(technically) infertile and unable to have sex, how do I cope?

Discussion in 'Off-topic Discussion' started by Bingles, Apr 10, 2024.

  1. Bingles

    Bingles Fapstronaut

    It might have started out a fungal thing but it doesn't appear to be now. It's just dry and inflamed, the glans haven't fully healed so it is sore to touch. The British equivalent of Walmart is ASDAs, I don't know if they sell the same variety. Most medical creams are behind lock and key or in a chemist requiring a prescription.

    I made the mistake of feeling like my life was over when I was younger and genuinely thought I would become a basement dweller with no job and living off disability benefits. Didn't look after myself or my wellbeing, gave into repetitive desires. I need a routine to function but not one that will constrain or infantilise me. Either I'm being a dumb loudmouth with no filter or too quiet, non-verbal the whole day, to develop real connections with people. When I finally managed to sort out my problems, I realized what P was doing to me mentally and physically as if my soul was being castrated from my body. That dopamine is like a drug that distracts you from reality and fills you with fantasies that slowly drain you into death. I refuse to even say the word because acknowledging it gives it strength. Needs to be etched out from my brain's vocabulary and thoughts. Started going outside more, pushing myself by using the bus. Now I'm back in that cycle of self-loathing.

    I have had some of the lowest of lows in my life, but whenever I read the Bible and trust in God, all that washes away. Listening to the liturgy in a cold shower is as close as you can get to heaven on earth. I can never be perfect, I can never be truly sin-free, but God knows this and loves me anyway. My parents had nothing growing up and I would always whinge for more and more. That's what you do when you're little, you don't realize how good you have it. We grew up on a council scheme and got sheltered away from the bad stuff. My parents cut off all of my rough relatives, and wouldn't let us out on the street unless they knew we were safe. This is in a city where most people are at rock bottom. A lot of my old classmate's parents were either on dope or mentally ill. Showing up to the assembly hall slouched over and no teeth. All of them have dropped out, some have criminal records.
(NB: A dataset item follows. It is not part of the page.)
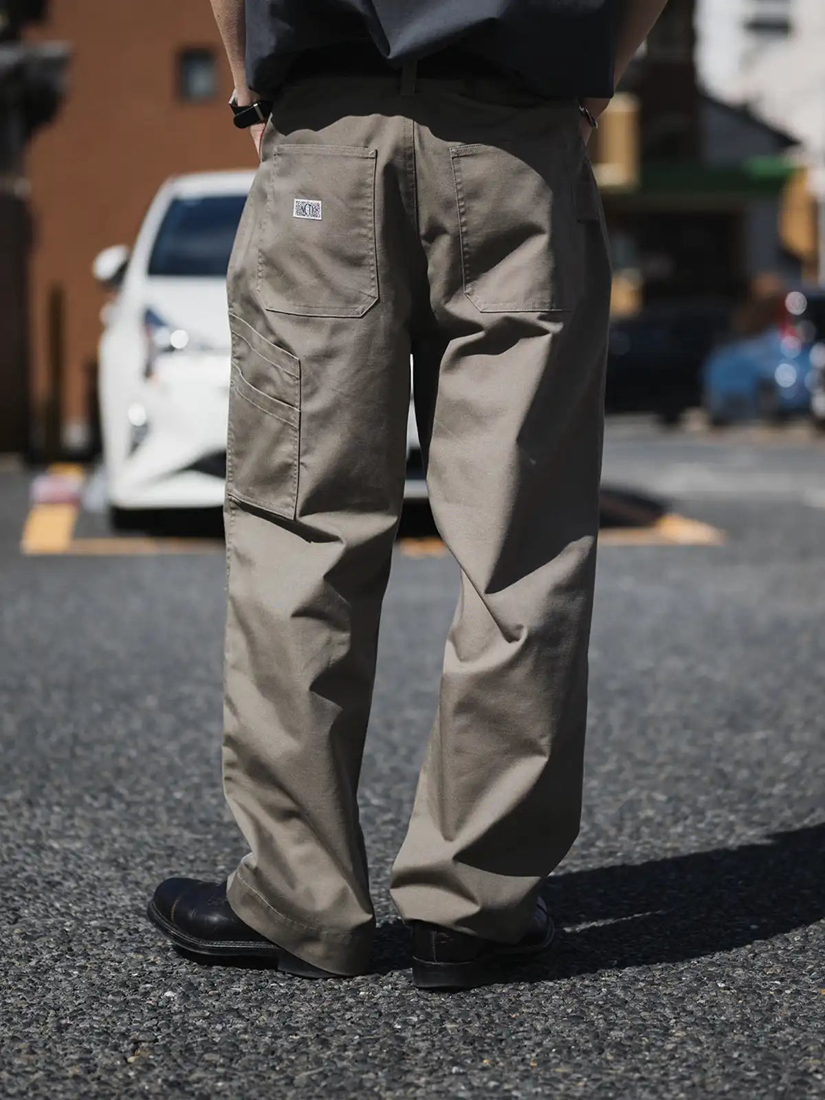 19世紀のデンマークHBTワークパンツをベースに、8つのポケットや工具用ループなどのディテールを追加し、洗い加工でヴィンテージ感を高めたワイドシルエットのワークパンツ。

    My parents lived through that in their youth and didn't want us to live through that. So I grew up a sheltered little shit, and that's probably what manifested all my insecurities and addictions. Didn't play sports since I was too scared and wanted to play on my DS. I didn't know how to be a regular person when I was staring at a screen all day and chugging my face with food to fill the meaningless void. Became estranged from society. Church and faith provide me with structure, security and community. It changes the soul in a way no other thing can. Made me realize how much better life can be if I stop punishing myself for my failures. I see the evil in this world, I'm repulsed by it and it's beyond my comprehension. As long as I have God, all that doesn't matter. All that matters is the path he paves for me.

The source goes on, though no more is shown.